TRY IT.
Below are some records. Write out the lines from the one containing "キッチンのカウンターに収納棚を増やして、収納力バツグンに!!" to the last line, word for word, leaving out pictures.

══ MATERIAL SUPPLIED

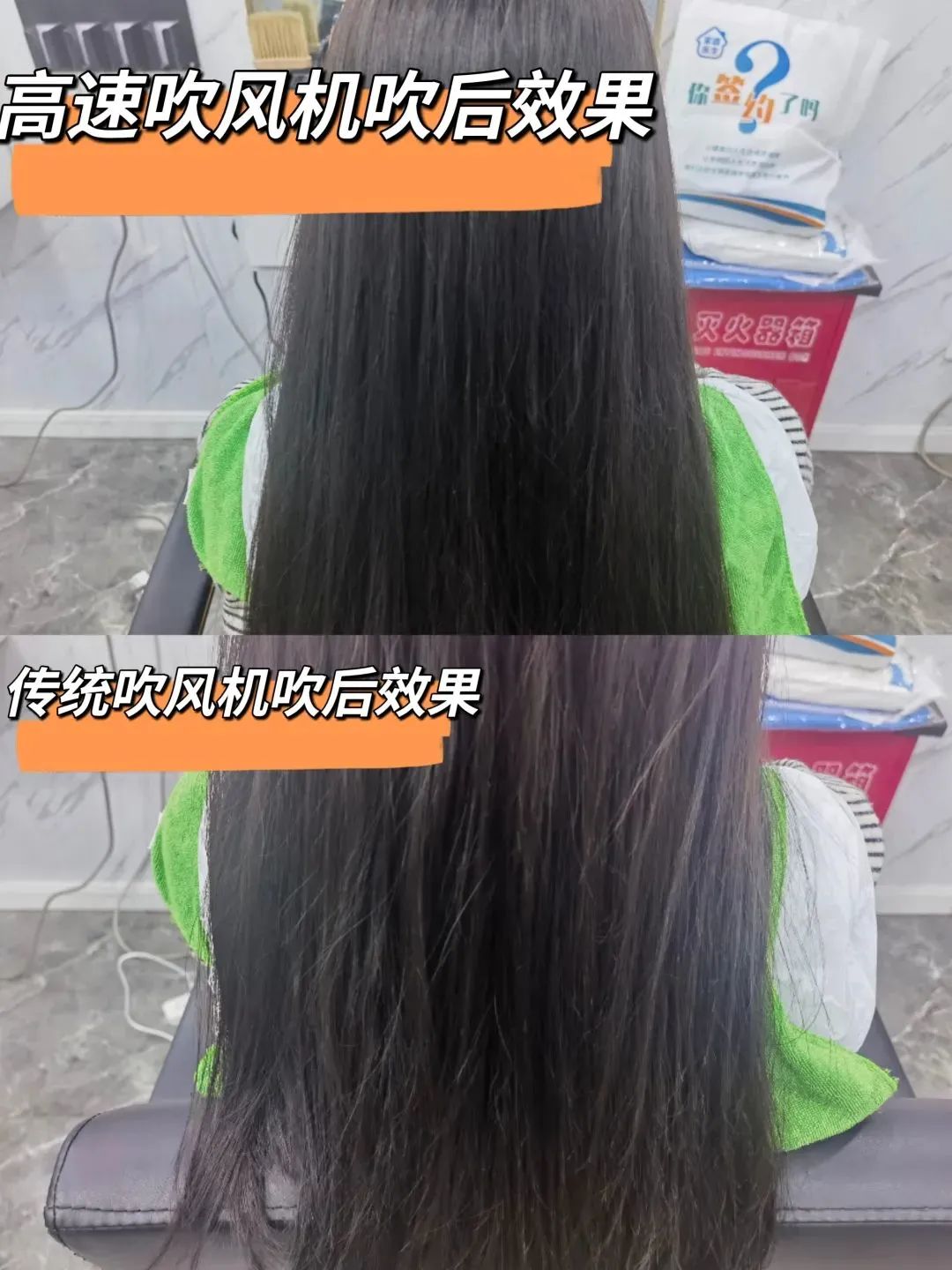 将刚刚洗过的头发分成两部分,用普通速干吹风机和大宇吹风机吹干。
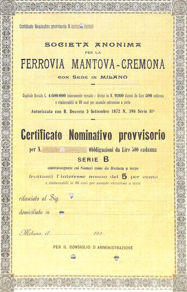 A-5671Ferrovia Mantova-Cremona S. A. per la-1Officina Carte Valori Coen & C. Milano - ParigiMilano1872VariabileR3 (501-1000 pezzi)S3 (da 51 a 100 €)
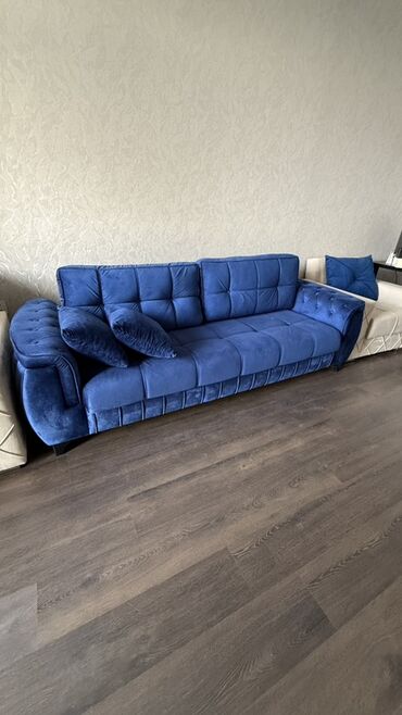 Mebel dəsti – künc divan, kreslo, düz divan və puflar - Künc divan: Dərin mavi tonlarda L‑şəkilli dizayn. Oturacaq və kürək hissəsində yumşaq, toxumalı parça, dekorativ qızılı zolaqlı yastıqlar. Y...
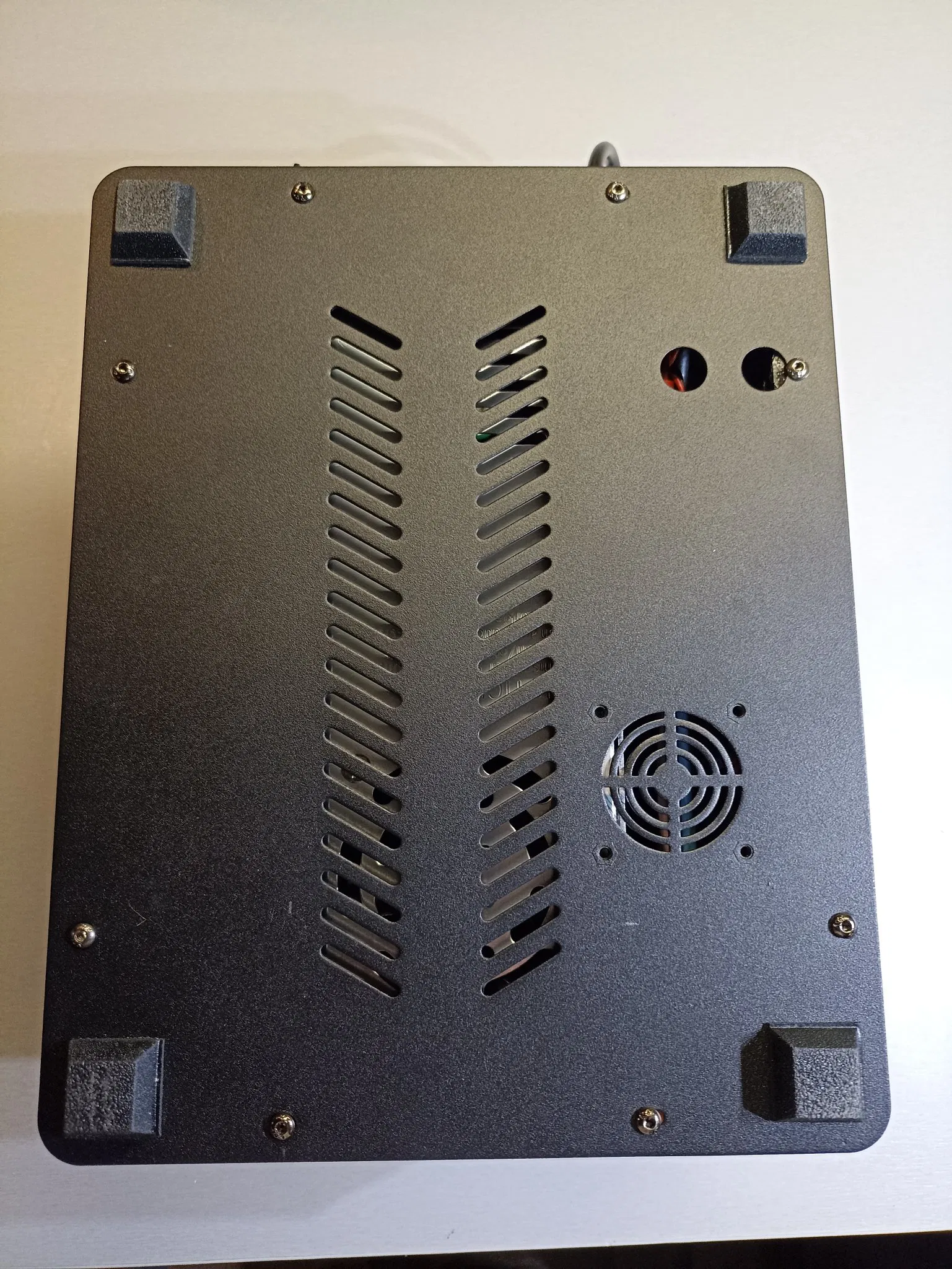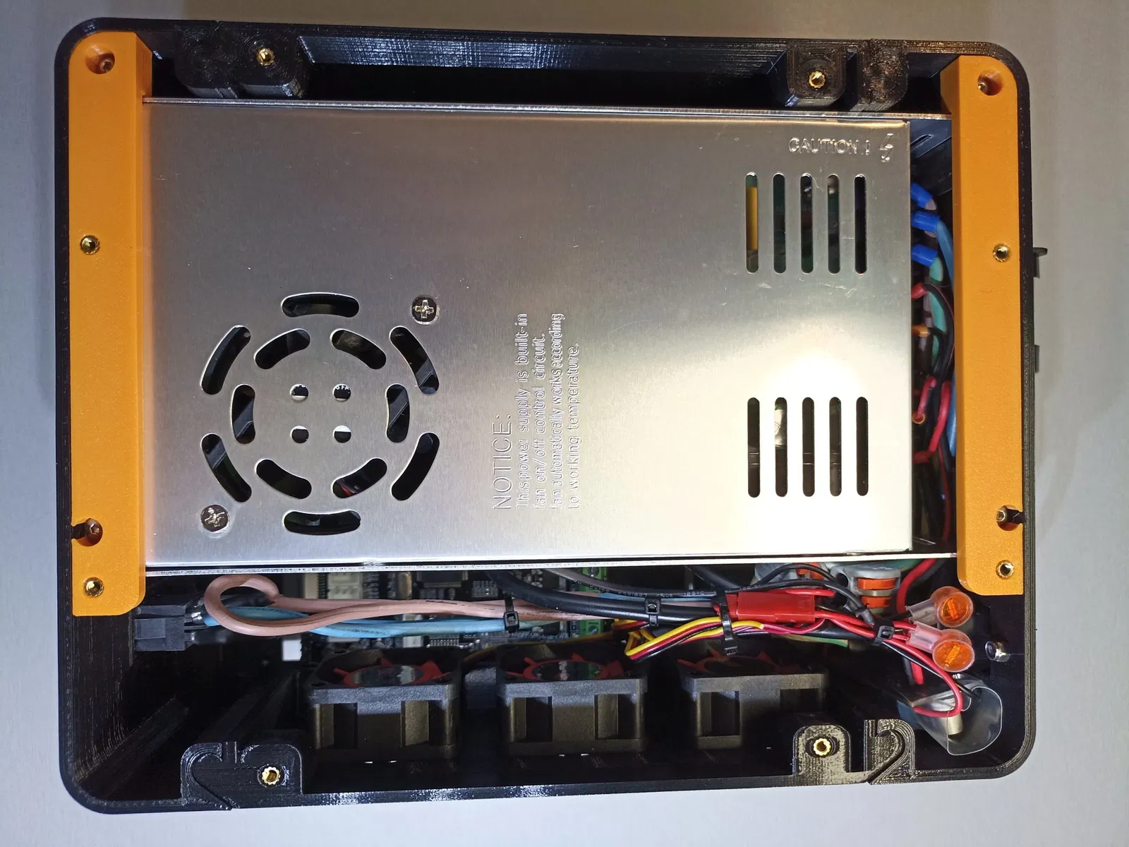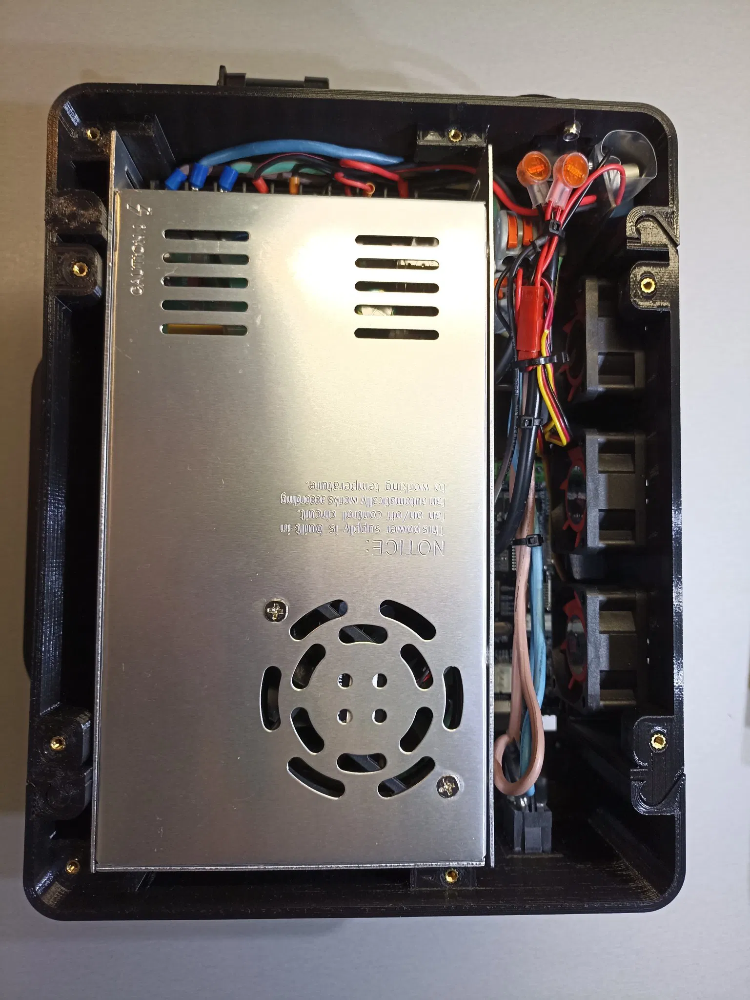 Cái này để gom gọn máy in và nguồn lại với nhau. Mình có dùng 3 cái quạt 4020 /12v, mình đấu nối chung với quạt của bộ nguồn. 12V là đủ xài rồi mà gần như không nghe tiếng luôn, ba cái quạt 4020 này làm nhiệm vụ làm mát chính. Công tắc thì mình xài lại cái zin.
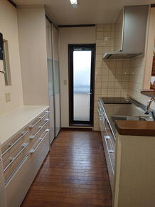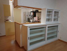 キッチンのカウンターに収納棚を増やして、収納力バツグンに!!
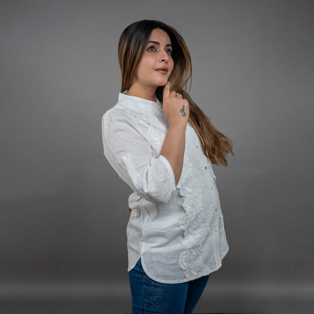 PRESENCE PLUS SIZE COTTON SHIRT WITH APPLIQUE
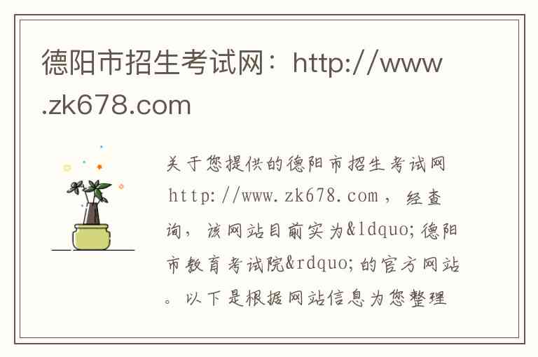 关于您提供的德阳市招生考试网 http://www.zk678.com ,经查询,该网站目前实为“德阳市教育考试院”的官方网站。以下是根据网站信息为您整理的具体内容、服务及联系方式,所有信息均为纯文字格式。

════

EXERCISE SOLUTION.
 キッチンのカウンターに収納棚を増やして、収納力バツグンに!!
 PRESENCE PLUS SIZE COTTON SHIRT WITH APPLIQUE
 关于您提供的德阳市招生考试网 http://www.zk678.com ,经查询,该网站目前实为“德阳市教育考试院”的官方网站。以下是根据网站信息为您整理的具体内容、服务及联系方式,所有信息均为纯文字格式。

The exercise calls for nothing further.